- [What the task requires]: From the line containing "Nike authentic jersey" to the line containing "جاهل بعلم الكتاب" in the records below, set down every line exactly as it stands, both ends included, and skip the pictures.

- [Exercise material]:

★ ★ ★ ★

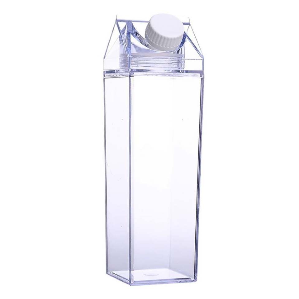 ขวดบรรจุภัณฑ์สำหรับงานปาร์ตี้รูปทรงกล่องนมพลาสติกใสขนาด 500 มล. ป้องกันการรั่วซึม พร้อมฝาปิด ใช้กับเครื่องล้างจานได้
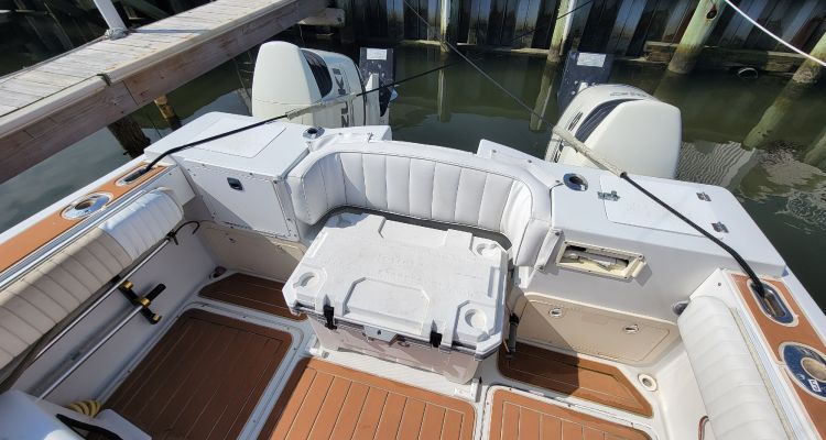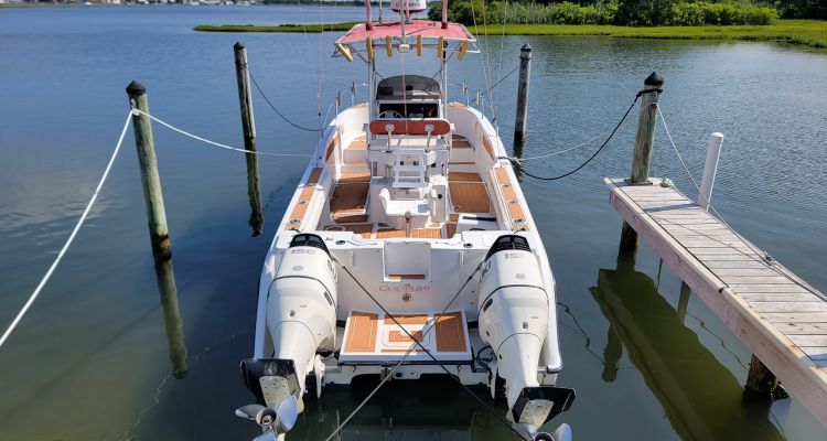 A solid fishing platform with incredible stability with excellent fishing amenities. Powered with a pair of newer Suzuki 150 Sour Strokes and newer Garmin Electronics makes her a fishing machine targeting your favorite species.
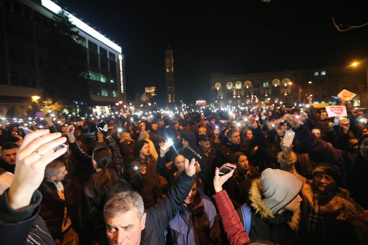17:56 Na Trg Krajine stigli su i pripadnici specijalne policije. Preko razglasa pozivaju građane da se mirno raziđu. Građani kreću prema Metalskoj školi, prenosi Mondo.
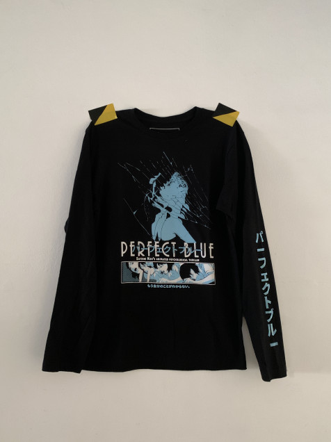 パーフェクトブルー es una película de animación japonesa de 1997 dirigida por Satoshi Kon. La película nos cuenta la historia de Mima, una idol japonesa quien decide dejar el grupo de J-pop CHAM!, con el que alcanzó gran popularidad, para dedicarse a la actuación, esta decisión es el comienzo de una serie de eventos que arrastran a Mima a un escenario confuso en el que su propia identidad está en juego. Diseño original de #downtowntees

★ ★ ★ ★

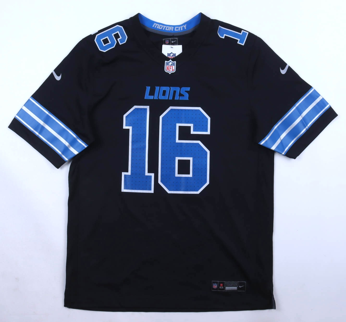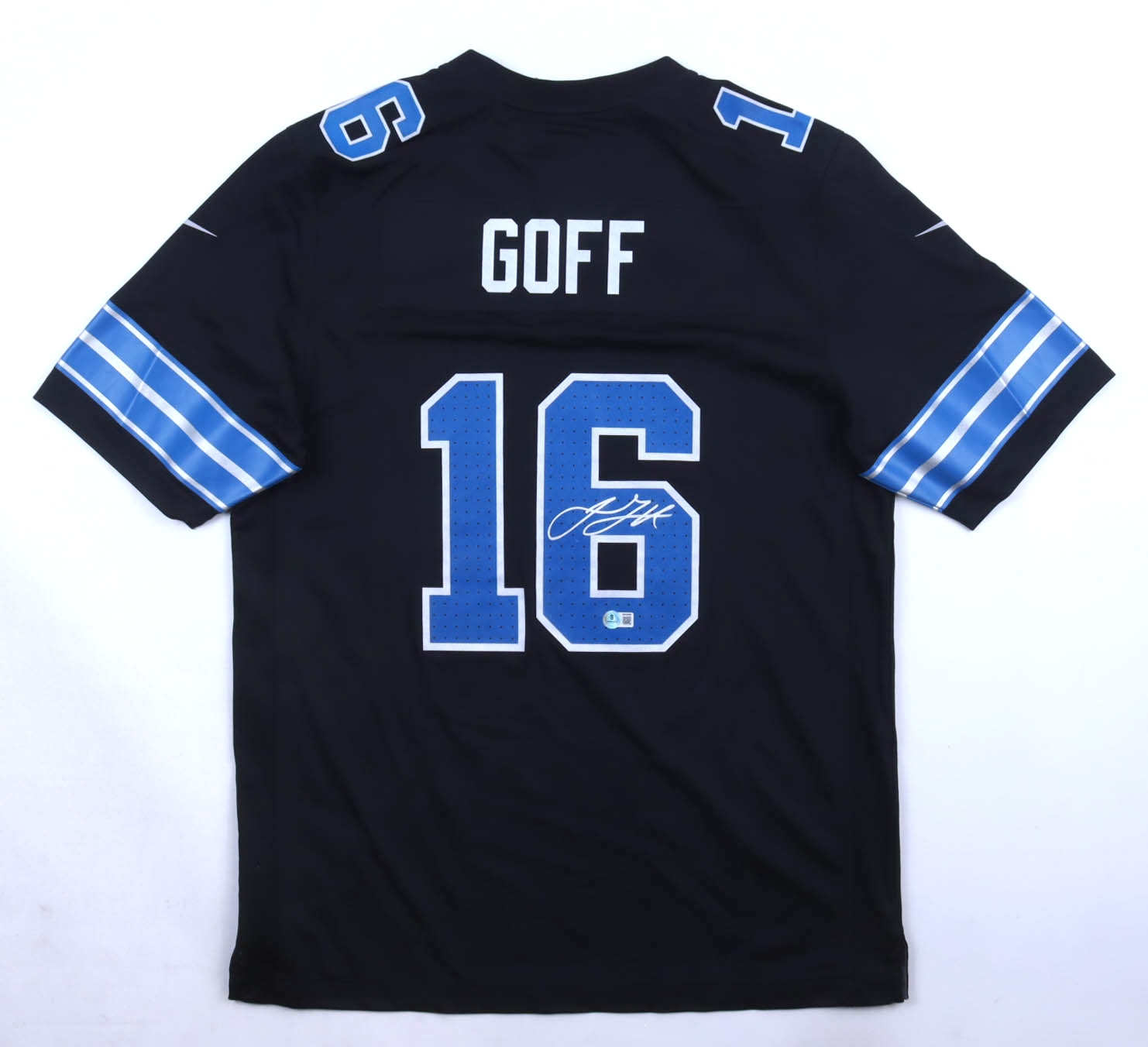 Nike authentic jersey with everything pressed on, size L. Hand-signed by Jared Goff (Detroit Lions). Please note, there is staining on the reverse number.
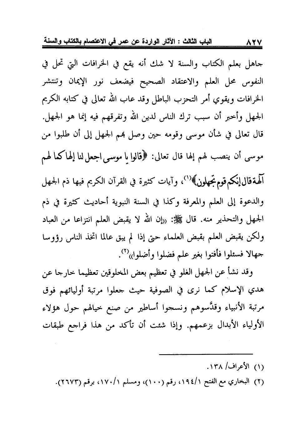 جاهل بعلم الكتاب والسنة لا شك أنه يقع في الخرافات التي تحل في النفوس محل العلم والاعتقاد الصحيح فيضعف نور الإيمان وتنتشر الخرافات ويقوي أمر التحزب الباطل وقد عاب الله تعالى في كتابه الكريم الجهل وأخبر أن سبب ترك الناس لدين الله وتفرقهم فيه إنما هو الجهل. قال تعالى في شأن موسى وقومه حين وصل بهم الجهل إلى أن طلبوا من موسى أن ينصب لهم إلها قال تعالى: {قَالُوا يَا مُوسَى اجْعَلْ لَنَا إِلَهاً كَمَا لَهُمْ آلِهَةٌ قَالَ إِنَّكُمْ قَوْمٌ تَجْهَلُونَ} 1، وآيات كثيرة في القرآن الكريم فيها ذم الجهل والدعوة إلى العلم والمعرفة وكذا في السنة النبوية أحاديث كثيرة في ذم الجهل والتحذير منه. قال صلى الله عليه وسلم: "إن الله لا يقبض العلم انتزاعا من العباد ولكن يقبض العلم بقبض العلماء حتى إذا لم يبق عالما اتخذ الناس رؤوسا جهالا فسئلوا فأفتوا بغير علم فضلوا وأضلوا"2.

★ ★ ★ ★

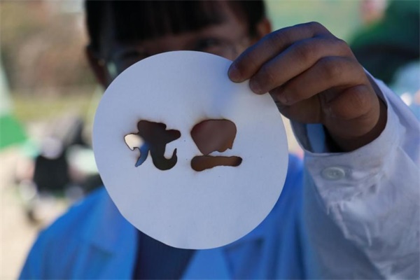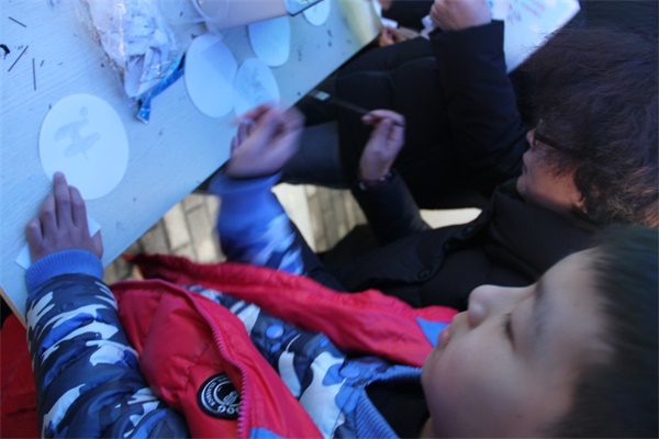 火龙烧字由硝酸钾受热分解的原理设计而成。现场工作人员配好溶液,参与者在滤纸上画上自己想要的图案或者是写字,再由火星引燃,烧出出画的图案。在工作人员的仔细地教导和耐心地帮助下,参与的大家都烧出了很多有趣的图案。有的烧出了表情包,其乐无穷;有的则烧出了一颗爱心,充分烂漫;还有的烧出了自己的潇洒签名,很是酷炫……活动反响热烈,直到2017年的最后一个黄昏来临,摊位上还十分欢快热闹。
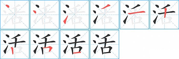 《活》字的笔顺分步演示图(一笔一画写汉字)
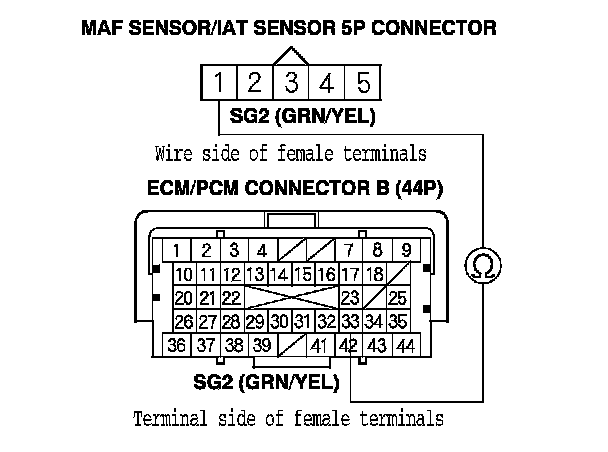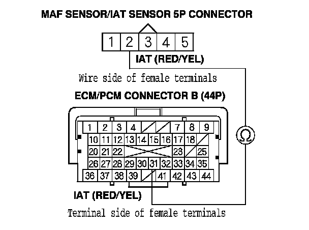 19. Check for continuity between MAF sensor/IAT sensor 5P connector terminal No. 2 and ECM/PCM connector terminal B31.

★ ★ ★ ★

- [Task output]:
 Nike authentic jersey with everything pressed on, size L. Hand-signed by Jared Goff (Detroit Lions). Please note, there is staining on the reverse number.
 جاهل بعلم الكتاب والسنة لا شك أنه يقع في الخرافات التي تحل في النفوس محل العلم والاعتقاد الصحيح فيضعف نور الإيمان وتنتشر الخرافات ويقوي أمر التحزب الباطل وقد عاب الله تعالى في كتابه الكريم الجهل وأخبر أن سبب ترك الناس لدين الله وتفرقهم فيه إنما هو الجهل. قال تعالى في شأن موسى وقومه حين وصل بهم الجهل إلى أن طلبوا من موسى أن ينصب لهم إلها قال تعالى: {قَالُوا يَا مُوسَى اجْعَلْ لَنَا إِلَهاً كَمَا لَهُمْ آلِهَةٌ قَالَ إِنَّكُمْ قَوْمٌ تَجْهَلُونَ} 1، وآيات كثيرة في القرآن الكريم فيها ذم الجهل والدعوة إلى العلم والمعرفة وكذا في السنة النبوية أحاديث كثيرة في ذم الجهل والتحذير منه. قال صلى الله عليه وسلم: "إن الله لا يقبض العلم انتزاعا من العباد ولكن يقبض العلم بقبض العلماء حتى إذا لم يبق عالما اتخذ الناس رؤوسا جهالا فسئلوا فأفتوا بغير علم فضلوا وأضلوا"2.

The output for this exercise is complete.